> Exercise materials:
------------------------------------------------------------------------

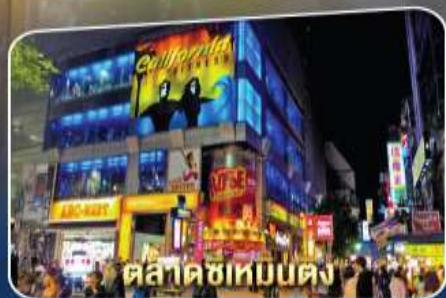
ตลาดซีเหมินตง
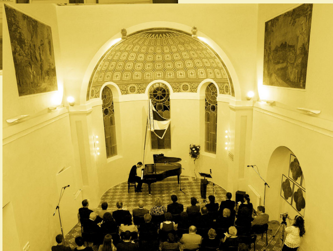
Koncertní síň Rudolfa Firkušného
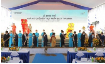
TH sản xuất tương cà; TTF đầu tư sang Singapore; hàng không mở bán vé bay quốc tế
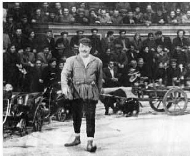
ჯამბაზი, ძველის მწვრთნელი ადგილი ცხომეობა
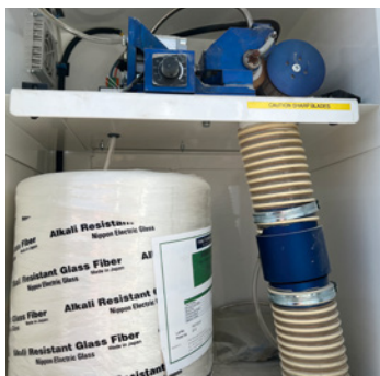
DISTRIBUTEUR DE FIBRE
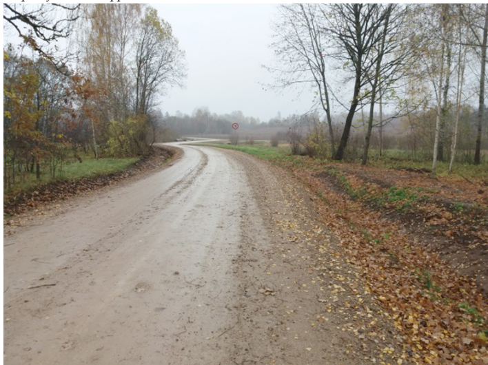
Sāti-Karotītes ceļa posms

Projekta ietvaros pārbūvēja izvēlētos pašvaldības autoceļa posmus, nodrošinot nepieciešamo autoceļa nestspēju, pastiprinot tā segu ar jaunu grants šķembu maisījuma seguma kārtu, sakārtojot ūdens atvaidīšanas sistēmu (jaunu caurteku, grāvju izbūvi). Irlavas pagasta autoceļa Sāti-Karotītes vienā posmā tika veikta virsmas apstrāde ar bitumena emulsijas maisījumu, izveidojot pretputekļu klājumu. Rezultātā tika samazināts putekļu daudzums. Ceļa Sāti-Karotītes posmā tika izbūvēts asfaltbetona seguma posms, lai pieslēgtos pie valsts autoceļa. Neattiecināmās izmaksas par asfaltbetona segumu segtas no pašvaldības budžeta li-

------------------------------------------------------------------------

> Your assignment: Would you print the listing above in full, exactly, but with no pictures?

> Your response:
ตลาดซีเหมินตง
Koncertní síň Rudolfa Firkušného
TH sản xuất tương cà; TTF đầu tư sang Singapore; hàng không mở bán vé bay quốc tế
ჯამბაზი, ძველის მწვრთნელი ადგილი ცხომეობა
DISTRIBUTEUR DE FIBRE
Sāti-Karotītes ceļa posms

Projekta ietvaros pārbūvēja izvēlētos pašvaldības autoceļa posmus, nodrošinot nepieciešamo autoceļa nestspēju, pastiprinot tā segu ar jaunu grants šķembu maisījuma seguma kārtu, sakārtojot ūdens atvaidīšanas sistēmu (jaunu caurteku, grāvju izbūvi). Irlavas pagasta autoceļa Sāti-Karotītes vienā posmā tika veikta virsmas apstrāde ar bitumena emulsijas maisījumu, izveidojot pretputekļu klājumu. Rezultātā tika samazināts putekļu daudzums. Ceļa Sāti-Karotītes posmā tika izbūvēts asfaltbetona seguma posms, lai pieslēgtos pie valsts autoceļa. Neattiecināmās izmaksas par asfaltbetona segumu segtas no pašvaldības budžeta li-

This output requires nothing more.